Category Retirement
SUB CATEGORIES Annuties |  General |  Savings & Investments | 

South Africans urged to save at all costs - Small improvements in household savings but debt levels soar

13 July 2011 The South African Savings Institute

South Africans need to start saving at all costs, says South African Savings Institute (SASI) chairperson, Prem Govender, who was addressing the 10th anniversary launch of SASI and National Savings Month in Sandton today (13th July 2011).

Lamenting South Africa’s low savings rate, she said the country continues to lag especially in terms of domestic savings and “unfortunately the picture looks disturbing for the next few years”.

She said that a high savings rate would improve South Africans’ standard of living and ultimately, the economic growth of our country.

Govender said it was “pleasing to note” that there had been a slight “but very noticeable drop” in the debt-to-disposable income ratio from a high of 81.8% in 2008.

“According to the reserve bank quarterly bulletin, this figure dropped to 78.2% in the first quarter of this year, with unemployment at 25% for the same period,” she said.

While South African consumers faced many challenges, including high indebtedness and high unemployment, which Govender said “do not do much to promote saving”; as well as substantial increases in oil prices and social and economic problems, “the benefits of a high savings rate in any economy cannot be disputed”.

Benefits include a reduction in external dependency and the improved financial health of citizens while working and during retirement.

“A low savings rate, especially at household level, has negative spill-over effects leading to an increased burden on the State to provide safety nets,” Govender said.

She was encouraged by the drop in the debt ratio and the growth of informal savings particularly in stokvels.

“The current trend of households expanding or improving their RDP homes, using such savings, again tells us that despite setbacks South Africans are intent on improving their net worth. This is enough for us at SASI to continue to preach the message of savings.”

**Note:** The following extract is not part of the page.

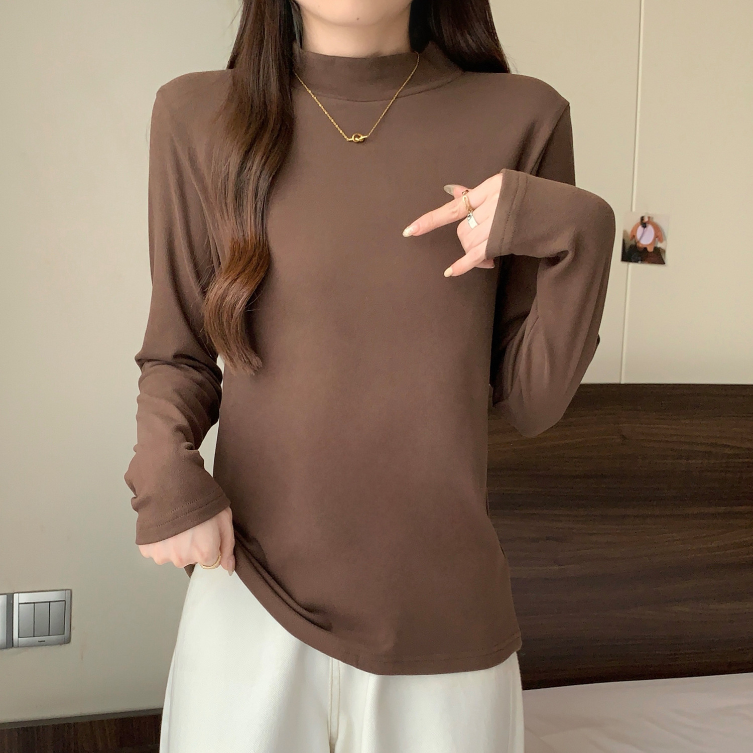 가을/겨울 세미 하이 칼라 벨벳 니트 바닥 셔츠 여성용 슬림 핏 벨벳 풀오버 티셔츠 66233 #

Govender praised Government’s commitment to providing an enabling environment for savings with the social security and retirement reform initiatives, the national financial education framework, the protection of consumer rights under the new Consumer Protection Act and the substantial increase in allowable tax deductions, particularly in respect of interest earned.

Financial institutions too have played a major role, particularly in expanding their product base as well as their approach to providing services to potential clients.

“Financial product providers have gone to great lengths to understand the requirements of the South African consumer and have tailored products to suit divergent groups. The Finscope survey 2010 showed that there has been an increase in the financial inclusion of South Africans over the past few years,” she said.

Govender said: “A lot has been achieved in the past decade which warrants recognition. SASI has engaged in activities that target all age and work groups through our festive season savings, Teach Children to Save, varsity financial literacy and community savings campaigns which include employee wellness programmes with the hope that the lessons taught have been adopted and replicated.

“We are encouraged by the fact that savings month has increasingly been observed by the media houses with most devoting space for articles on personal finance. These publications have done much over the years to educate the consumer and promote savings.

“The battle against low savings rates is far from over, but we must acknowledge that saving is a habit which we have to develop, practice and grow over time. It is with this in mind that today we proudly launch our traditional July savings month. Our theme for this year is ‘save now’.

There’s no better time to start saving than now, it’s never too late or too little. This is the message that we want to take to both young and old.

“We need to lift our low levels of financial literacy in our bid to make a difference, continue to work with the banking industry rallying financial sector practitioners to take basic money-management skills to learners in primary schools through the Teach Children to Save initiative.

“We have partnered with the Johannesburg Securities Exchange (JSE), the National Youth Development Agency (NYDA), the Financial Planning Institute, the National Credit Regulator and the National Consumer Education Committee to take saving and investment skills to our youth, both in schools as well as the workplace.
“We are also proud of our partnership with the Financial Services Board (FSB) where we take financial literacy to the future workforce in our annual varsity literacy campaign,” she said.

She paid tribute to the IDC which had remained the sole anchor sponsor of the institute “even though they are not the direct beneficiaries of the work of the institute”.